**Problem**
Retype, please, the listing from its opening line through the line that contains "Paketti täynnä jouluisia", both included, without the pictures.
(Given information)
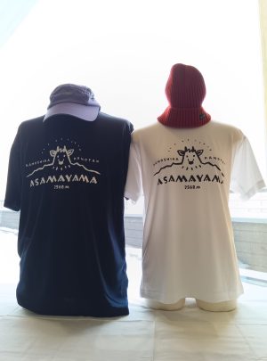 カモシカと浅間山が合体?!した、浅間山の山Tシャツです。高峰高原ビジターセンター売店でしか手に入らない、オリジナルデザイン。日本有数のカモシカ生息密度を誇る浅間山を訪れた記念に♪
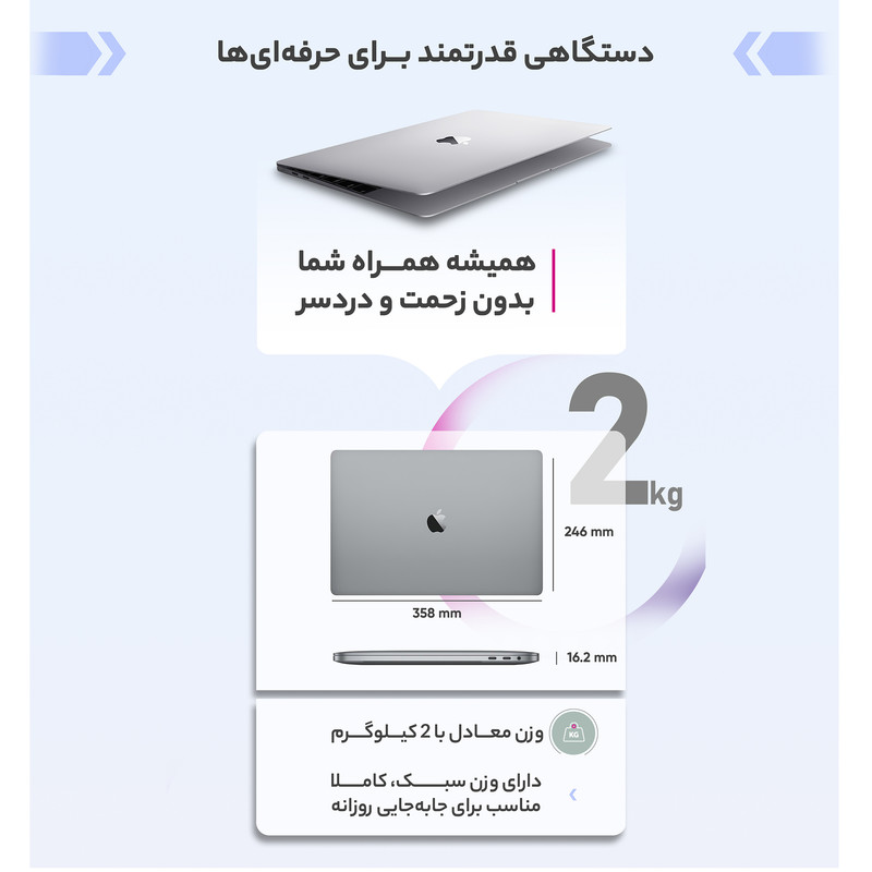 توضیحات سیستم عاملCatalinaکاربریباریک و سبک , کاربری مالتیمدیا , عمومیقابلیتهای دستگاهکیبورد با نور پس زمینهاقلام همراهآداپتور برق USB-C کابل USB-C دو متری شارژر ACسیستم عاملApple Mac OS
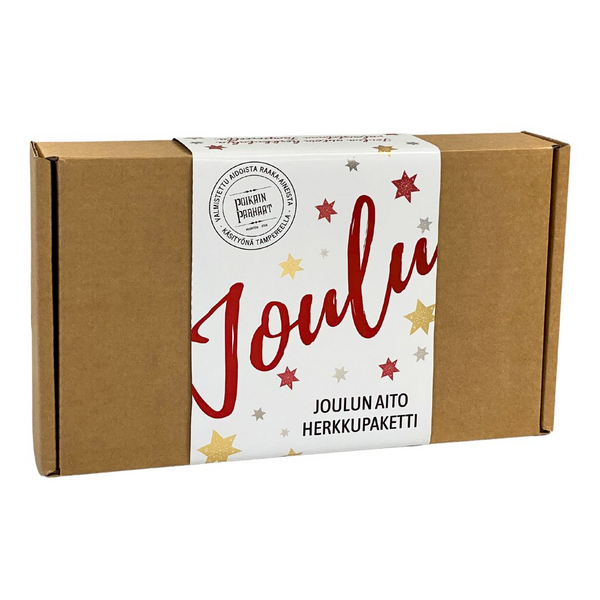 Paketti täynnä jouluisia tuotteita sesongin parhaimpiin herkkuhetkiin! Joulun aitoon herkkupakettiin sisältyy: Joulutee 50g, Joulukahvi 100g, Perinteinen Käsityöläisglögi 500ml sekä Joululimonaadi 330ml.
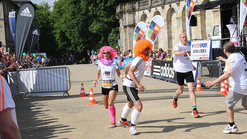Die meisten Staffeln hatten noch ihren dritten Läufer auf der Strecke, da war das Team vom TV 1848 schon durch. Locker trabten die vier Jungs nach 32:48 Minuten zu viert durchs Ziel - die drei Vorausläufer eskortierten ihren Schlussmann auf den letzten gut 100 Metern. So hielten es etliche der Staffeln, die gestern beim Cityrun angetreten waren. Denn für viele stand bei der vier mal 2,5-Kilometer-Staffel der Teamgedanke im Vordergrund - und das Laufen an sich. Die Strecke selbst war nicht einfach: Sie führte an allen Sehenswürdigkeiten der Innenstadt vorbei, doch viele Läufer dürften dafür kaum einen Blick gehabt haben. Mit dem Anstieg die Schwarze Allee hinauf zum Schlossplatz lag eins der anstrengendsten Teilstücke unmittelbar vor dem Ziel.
(End Given information)
**Result of the exercise**
 カモシカと浅間山が合体?!した、浅間山の山Tシャツです。高峰高原ビジターセンター売店でしか手に入らない、オリジナルデザイン。日本有数のカモシカ生息密度を誇る浅間山を訪れた記念に♪
 توضیحات سیستم عاملCatalinaکاربریباریک و سبک , کاربری مالتیمدیا , عمومیقابلیتهای دستگاهکیبورد با نور پس زمینهاقلام همراهآداپتور برق USB-C کابل USB-C دو متری شارژر ACسیستم عاملApple Mac OS
 Paketti täynnä jouluisia tuotteita sesongin parhaimpiin herkkuhetkiin! Joulun aitoon herkkupakettiin sisältyy: Joulutee 50g, Joulukahvi 100g, Perinteinen Käsityöläisglögi 500ml sekä Joululimonaadi 330ml.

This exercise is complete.